When Anagram Technologies SA needs to hire engineers to meet the expanding demand for its audio processors, it doesn't have to go to the Swiss Federal Institute of Technology in Lausanne.

Instead, it taps engineering graduates from a tiny microelectronics institute in Yverdon.

Part of the Engineers School for the State of the Vaud, the Micro-Electronics and Systems Institute (MIS), is making a name for itself in the highly specialised world of digital signal processing for computer chips.

Anagram Technologies, located in Préverenges near Lausanne, is one of the few companies in the world to make chips able to handle multiple digital audio formats, of which there is a ballooning number, including MP3, WAV, and DVD Audio.

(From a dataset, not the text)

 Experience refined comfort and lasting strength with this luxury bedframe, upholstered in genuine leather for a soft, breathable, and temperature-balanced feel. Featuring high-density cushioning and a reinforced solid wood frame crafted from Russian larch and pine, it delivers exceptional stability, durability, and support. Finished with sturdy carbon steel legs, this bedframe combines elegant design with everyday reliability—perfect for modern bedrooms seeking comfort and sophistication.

It licenses its designs to Analog Devices, the number four vendor of analog chips worldwide, as well as major East Asian chipmakers.

R&D

Besides supplying highly qualified engineers to Switzerland’s emerging chip companies, MIS also provides R&D for industrial partners.

For example, it recently helped Virtual Switches SA of Yverdon, a start-up company, re-orient its product line. It only had one product, an optical switch whose market was in decline.

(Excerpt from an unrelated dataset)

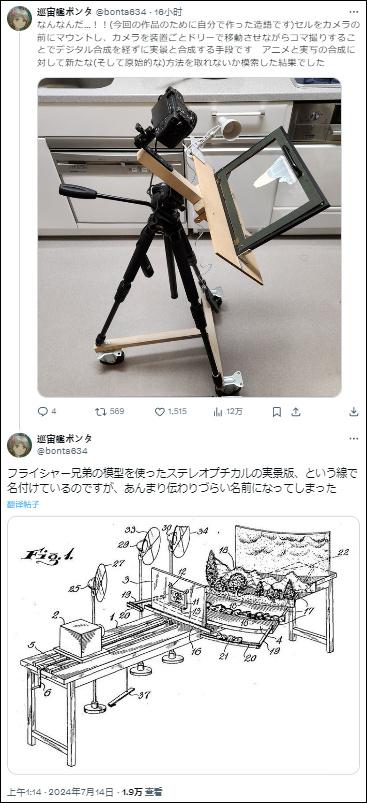 在製作組這裏,他們在製作ED時是先將賽璐璐固定在相機前面,用移動攝影車連同裝置來移動相機,進行逐幀拍攝。

Now it is growing rapidly, selling powerful sensors used in the automotive and transport industry. It is expanding into Europe on the back of this new product line and its management believes the company could grow from five to fifty employees over the next four to six years.

MIS also gave its support to Solvix SA, a company that makes unique power supplies used in high-tech manufacturing equipment, such as semiconductor processing and optical disc manufacturing, through its SHARC users group, an industry and research forum that centres on the exploitation of silicon chips from Analog Devices.

Solvix also works closely with the Federal Institutes of Technology in Zurich and Lausanne, and the Fribourg University of Applied Science (HES in Fribourg).

EU projects

Despite Switzerland not being in the European Union, the MIS is still able to participate in EU-funded projects thanks to the bilateral research agreements between Switzerland and the EU.

Other activities include the creation of a new industry innovation forum, called Mecatronalps, promoting what experts say will be the next generation of automotive and biomedical equipment, based on the fusion of mechanics, electronics, and software.

MIS, located in Y-Parc, the science park in Yverdon, has about 40 students and employs some 22 researchers and teachers. It recently created a spin-off company, Y-Lynx SA.